> [Work instruction]
In the listing that follows, print every line exactly and leave the images out.

> [Exercise data]
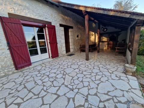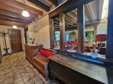 Au rez-de-chaussée, une cuisine aménagée et équipée ouvre directement sur une terrasse orientée sud-est. Le séjour, mis en valeur par ses poutres et pierres apparentes, bénéficie également d’un accès à l’extérieur. S’ajoutent des WC ainsi qu’une salle d’eau.
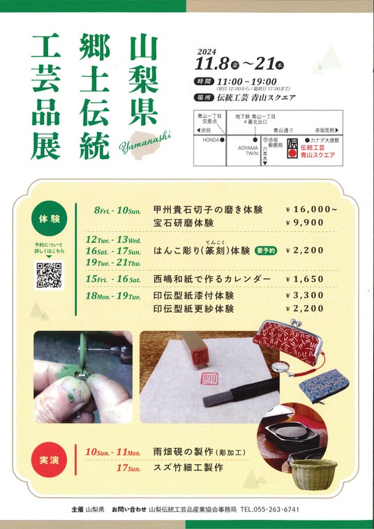 今年度も、県内外の多くの方に山梨県郷土伝統工芸品を知ってもらう機会とするとともに、首都圏への販路拡大を図るため、全国の伝統工芸品を広く取り扱っている「伝統工芸 青山スクエア」において「山梨県郷土伝統工芸品展」を開催します。
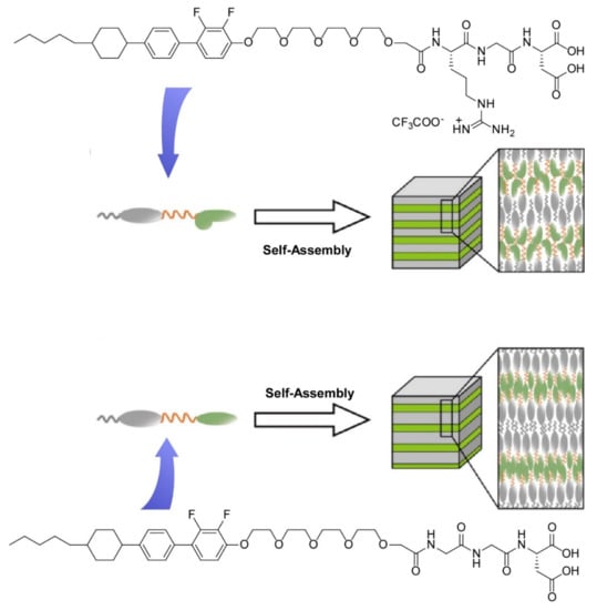- Eimura, H.; Niwa, A.; Uchida, J.; Kato, T. Self-assembly of peptide-containing mesogens: Thermotropic liquid-crystalline properties and macroscopic alignment of amphiphilic bioconjugates. Bull. Chem. Soc. Jpn. 2021, 94, 1588–1593. [Google Scholar] [CrossRef]
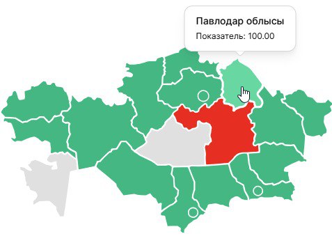Жасыл түс - таңдалған белсенділік көрсеткішін толығымен орындайтын аймақтар/аудандар;

> [Solved problem]
 Au rez-de-chaussée, une cuisine aménagée et équipée ouvre directement sur une terrasse orientée sud-est. Le séjour, mis en valeur par ses poutres et pierres apparentes, bénéficie également d’un accès à l’extérieur. S’ajoutent des WC ainsi qu’une salle d’eau.
 今年度も、県内外の多くの方に山梨県郷土伝統工芸品を知ってもらう機会とするとともに、首都圏への販路拡大を図るため、全国の伝統工芸品を広く取り扱っている「伝統工芸 青山スクエア」において「山梨県郷土伝統工芸品展」を開催します。
- Eimura, H.; Niwa, A.; Uchida, J.; Kato, T. Self-assembly of peptide-containing mesogens: Thermotropic liquid-crystalline properties and macroscopic alignment of amphiphilic bioconjugates. Bull. Chem. Soc. Jpn. 2021, 94, 1588–1593. [Google Scholar] [CrossRef]
Жасыл түс - таңдалған белсенділік көрсеткішін толығымен орындайтын аймақтар/аудандар;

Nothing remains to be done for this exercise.